The work, constituting a wide spectrum from abstract to representational, sculpture to painting, realist to surrealist, does not evoke identity politics—none of these creators seem determined to fill niches, or speak for the queer art community. It’s just great art, no qualifier necessary.

If there is any tenuous theme, it’s that the artists, like the rest of us, are confronting the disruptions of the past 17 months, creating work that ripples with emptiness and sorrow, the longing for community and the grasping for hope. Former medical worker Ornella Verano’s untitled, powerful mixed-media work is the most direct example of the latter: Vials of Moderna’s vaccine line a frame evoking a medicine cabinet, while buttons scattered around the center broadcast words associated with the seven stages of grief.
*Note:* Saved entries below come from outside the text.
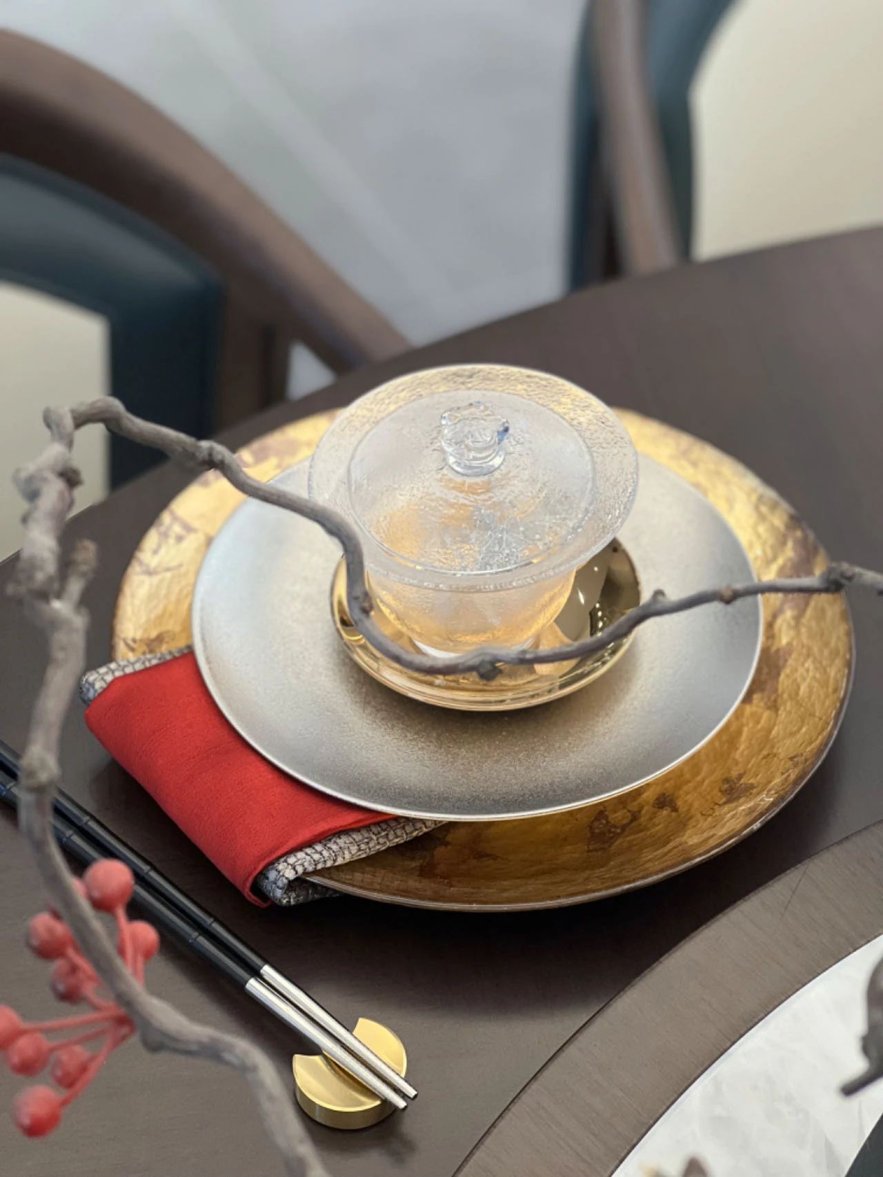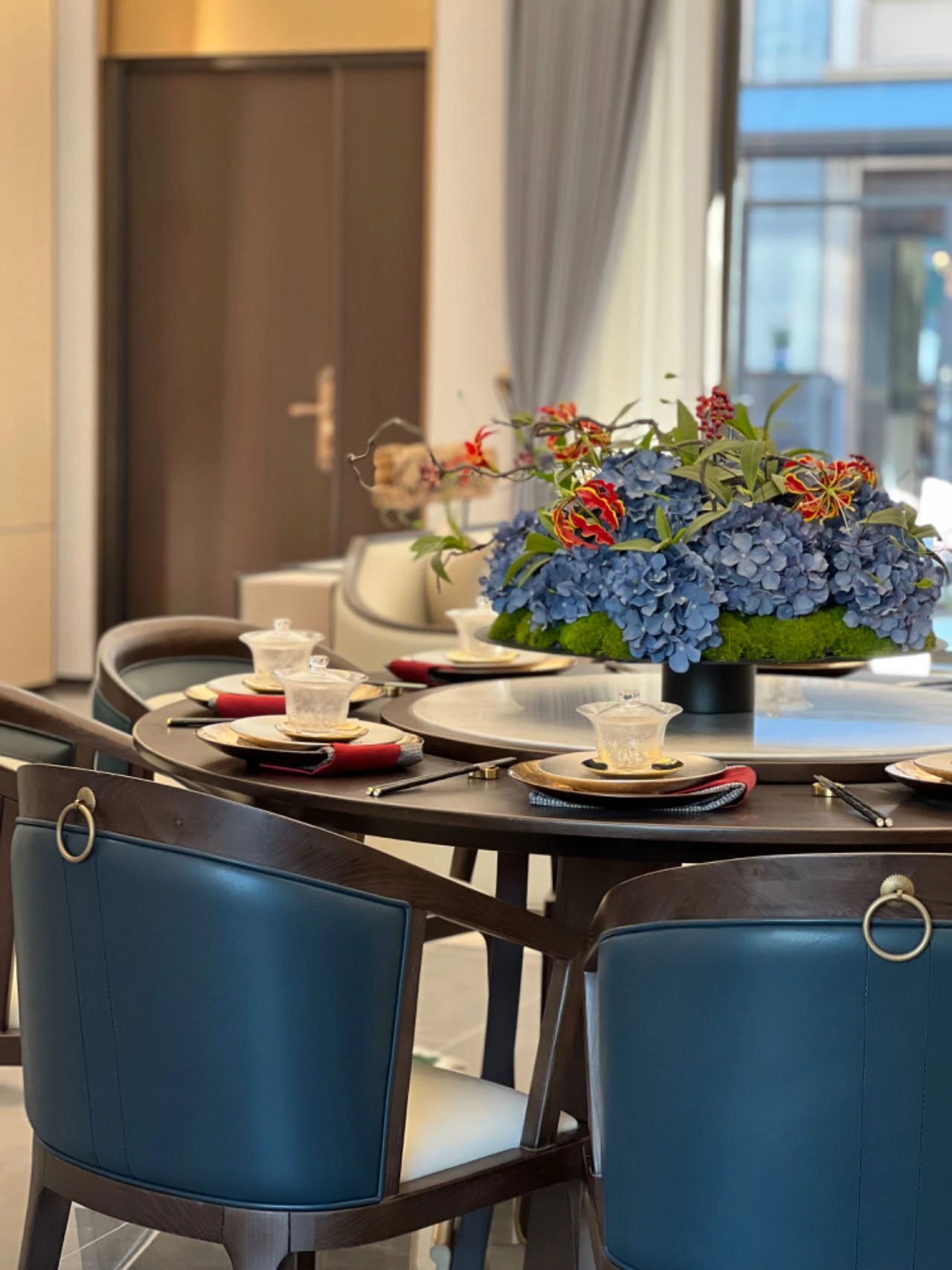 马蹄造型—“马鞍墙”餐桌把中式古建筑结构融入到软装空间中,
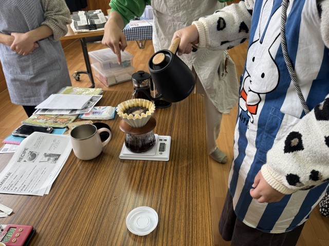 コーヒー豆を挽き、ドリッパーでゆっくりとお湯を注いでコーヒーの香りとそのゆったりとした時間を味わうおいしいコーヒーの淹れ方講座が行われました。産地によって味や香りが違うことを体験したり、コーヒーに合うスイーツを味わったりして、美味しくて楽しい時間を過ごすことができました。たまねぎクラブは、家庭教育学級とも言い、PTA活動の一つです。保護者の皆さまならだれでも入れます。良かったら参加してみてください。
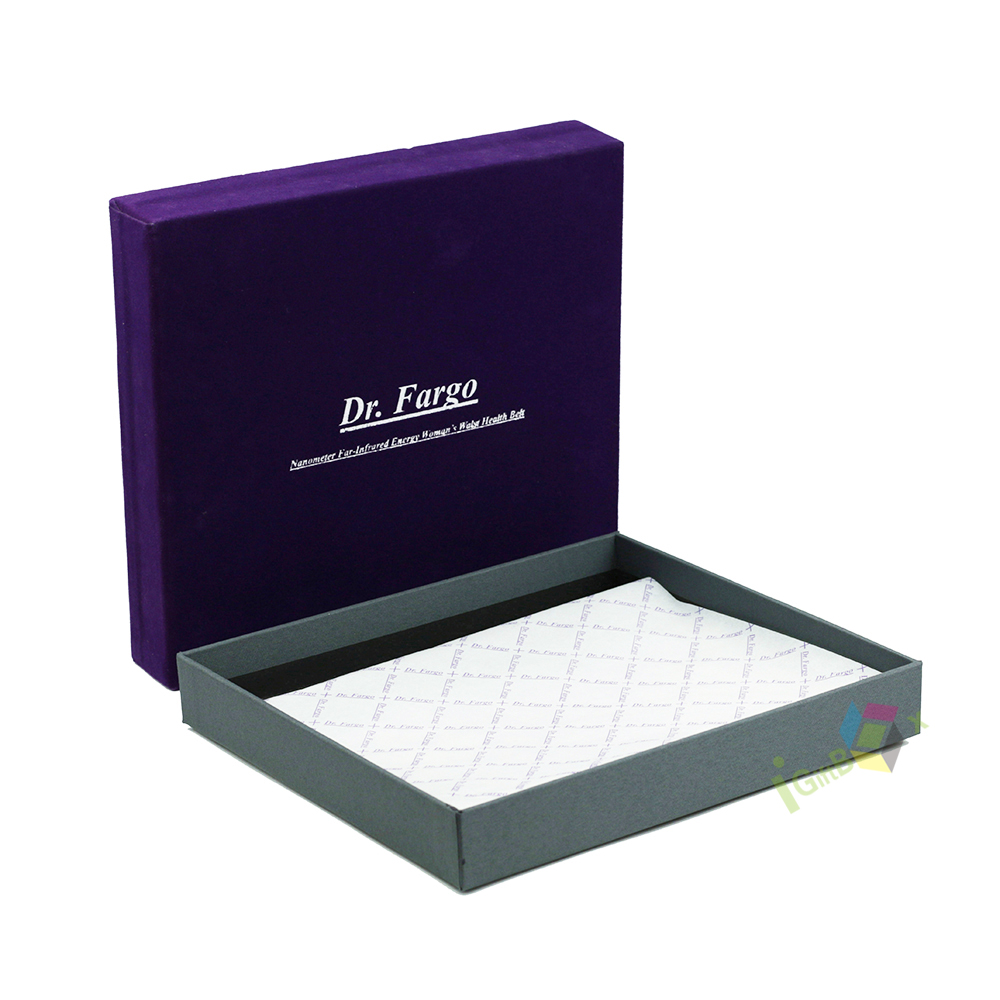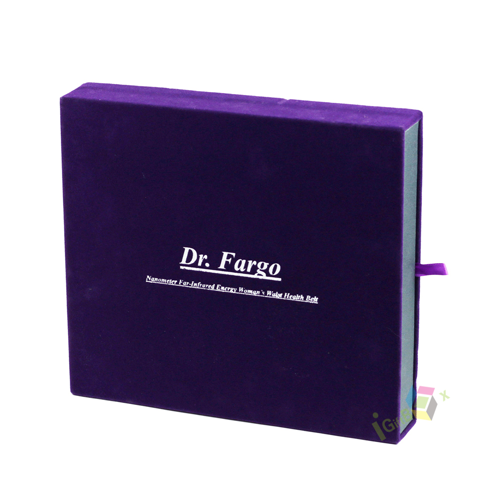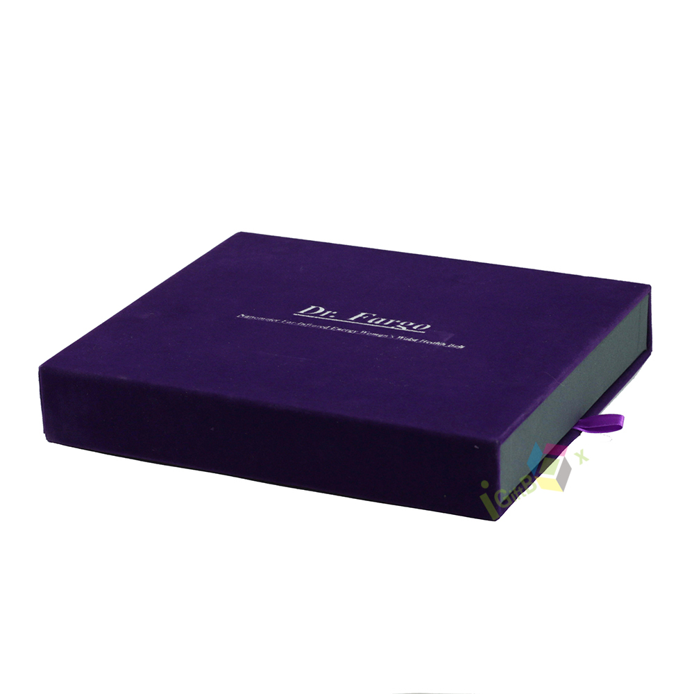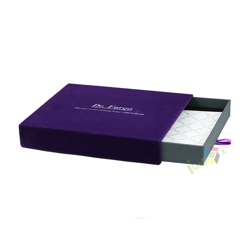Elegant slide-out drawer box crafted with a rich, deep purple velvet exterior and crisp custom logo printing. The smooth velvet finish adds a luxurious, tactile feel, while the purple ribbon pull ensures easy opening. Inside, the box features a clean, diamond-patterned white lining, ideal for protecting jewelry, cosmetics, or apparel items. The sturdy paperboard construction wrapped in velvet creates a premium, high-end aesthetic, perfect for luxury retail packaging, special occasion gifting, or branded product presentation.
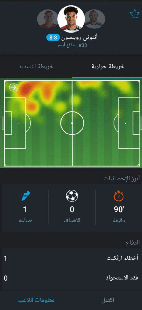 وعلى الرغم من فوز ليفربول، إلا أن روبنسون لاعب فريق فولهام حصد أفضل لاعب في مباراة ليفربول ضد فولهام بقيمة 8.8، بعدما صنع هدفًا واحدًا خلال اللقاء، إلى جانب صناعة فرصة أخرى، ووصلت دقة تمريراته إلى نسبة 70%.
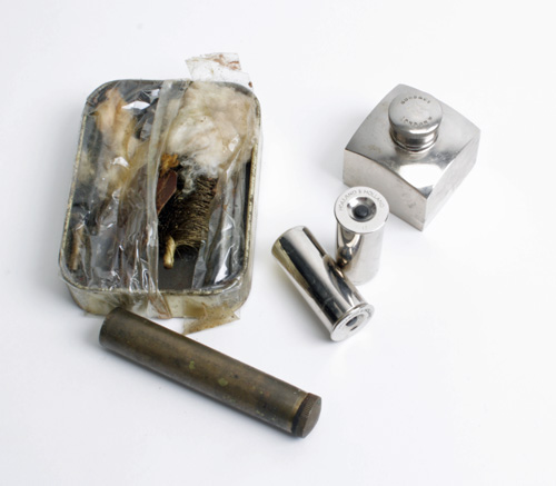 A COLLECTION OF GUNCASE ACCESSORIES, including Boss & Co. nickel-plated oil bottle, a pair of Holland & Holland 12-bore snap-caps, clean cleaning accessories
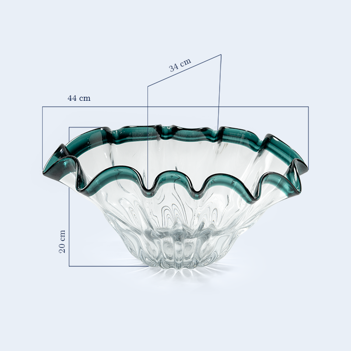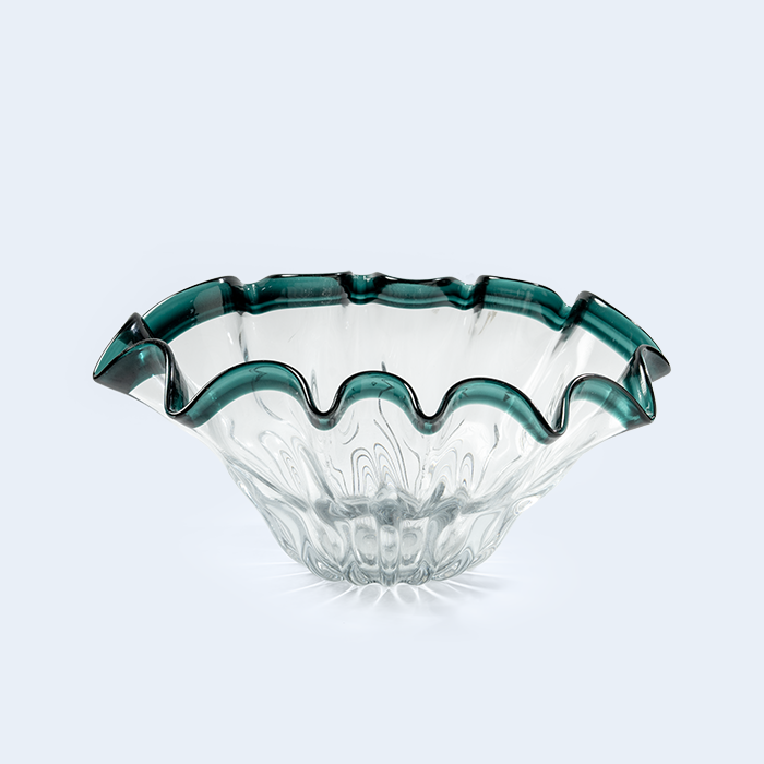 Ocelea  – A rippled glass centerpiece with a deep sea-green rim, Ocelea flows like gentle ocean waves, perfect for presenting fruits, chocolates, or florals with fresh, coastal elegance.

Untitled work by Ornella Verano

A sense of loss—of people, of jobs, of a way of life—is present in so many of these pieces, whether implicit or explicit. David Plath’s digital print “Sorrow For Lost Souls,” suggesting, for me, a soul ascending its corporeal form, has the haunting, melt-y quality of an Edvard Munch painting. The pain embedded in Diane Delorey’s charcoal drawing “Grieving Pierce” is practically tactile: It’s a close-up of the subject’s eyes, in a wide and arresting letterbox form, shades of tears staining his cheeks.

“You’re Not Alone” by Toby Gotesman Schneier

Toby Gotesman Schneier’s painting “You’re Not Alone” may be the single most moving work in the exhibition, offering an impasto impression of a couple embracing, their tears trickling with drip paint, an angelic harpist playing nearby, the physical and metaphysical sharing the same emotional real estate.

As for the collective panic of the zeitgeist, it is best expressed through the unspecific urgency of Tedd Davis’ “The Countdown,” with its three numbered blocks in vertical succession, and its bomblike fuses strung from dominoes—a 3-D work that is somehow as cartoony as an old “Mission: Impossible” episode and as frightening as, well, the news.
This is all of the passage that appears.